À la Foire du livre de Brive, François Hollande « sonde le cœur des Français »

INTERVIEW – L’ancien président de la République a rejoint la Corrèze, ce vendredi, pour dédicacer son ouvrage «Les leçons du pouvoir». L’homme politique, qui chérit ces rencontres, affirme qu’elles sont aussi le meilleur moyen de comprendre ses concitoyens.

Envoyé spécial à Brive

Stoïque face à la fatigue, enthousiaste devant toute sollicitation, François Hollande, a multiplié les embrassades et les photographies à la Foire du livre de Brive. Vendredi 9 novembre, l’ex-chef de l’État a rejoint ses terres pour continuer la promotion des Leçons du pouvoir, son ouvrage bilan sur son quinquennat, publié en avril 2018. Même s’il affirme ne plus poursuivre aucun intérêt partisan, il n’en oublie pas pour autant que ces interactions avec les Français sont riches d’enseignements.

Le Figaro – Vous venez de signer votre dernier ouvrage Les leçons de pouvoir pendant plus de deux heures. Qu’est-ce qui vous motive à faire ces dédicaces?

François Hollande – J’aime faire cela, même si, bien sûr, elles sont fatiguantes. Si je n’aimais pas, je ne les ferais pas. Rien ne m’y oblige. Vous avez vu comme je procède? Je ne fais pas une dédicace automatique. J’essaie de personnaliser chacune de ces rencontres. De faire en sorte que cette relation soit inscrite dans les mémoires. Et pas seulement celle du lecteur: la mienne, aussi.

Vous continuez votre tour de France, de librairies en salons du livre. Vous êtes curieux de savoir ce que les Français pensent?

J’ai compris l’intérêt politique que ces rencontres avaient, il faut bien le dire.

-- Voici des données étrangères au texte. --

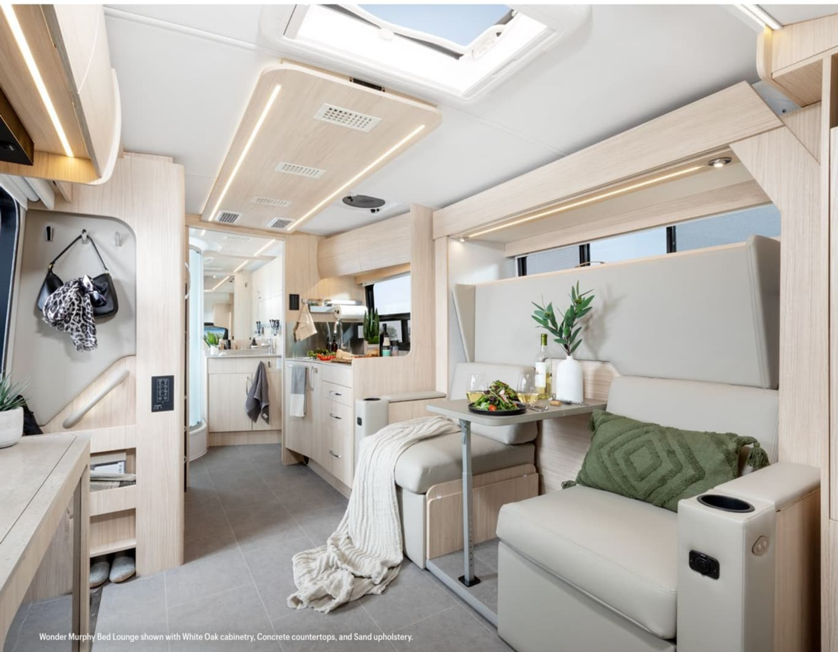
Wonder Murphy Bed Lounge shown with White Oak cabinetry, Concrete countertops, and Sand upholstery.

C’est aussi pour cela que je les multiplie. Je sonde le coeur des Français. J’entends ce qu’ils ressentent, disent. Et je ne me focalise pas simplement sur ce qu’ils pensent ou ont pensé de mon quinquennat. Ce qui m’intéresse, c’est ce qu’ils vivent aujourd’hui, leur situation actuelle. Au début, je ne pensais pas faire des séances de dédicaces aussi nombreuses mais j’apprends beaucoup de choses à ce contact.

Des lecteurs ont fait 300 km pour vous voir.

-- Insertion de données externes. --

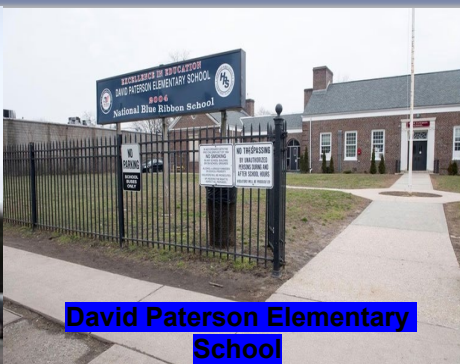
David Paterson Elementary School

Et certains viennent de loin dans le passé également! Des connaissances que j’ai rencontrées il y a des années. Certains évoquent nos familles, apportent des arbres généalogiques… Des photos me sont données, des clichés pris à des événements auxquels j’ai participé ou des moments forts de mon quinquennnat. Ils me donnent des lettres, des cadeaux. Ces témoignages humains sont des échanges très brefs mais très riches.

Pourquoi viennent-ils vous voir, d’après vous?

Certains viennent tout simplement parce que j’ai été président de la République. Notre discussion devient un document, une rencontre marquée dans le temps. D’autres pour donner des messages de sympathie et des témoignages de reconnaissance.

Ecrire, est-ce devenu une véritable activité pour vous?

Oui. Avant je n’écrivais rien. Mais j’ai un peu de temps maintenant.

Le premier ministre Édouard Philippe devait se rendre aujourd’hui à la Foire de Brive et a brusquement annulé…

Il a eu peur certainement. Il a reculé devant la foule! (Rires.)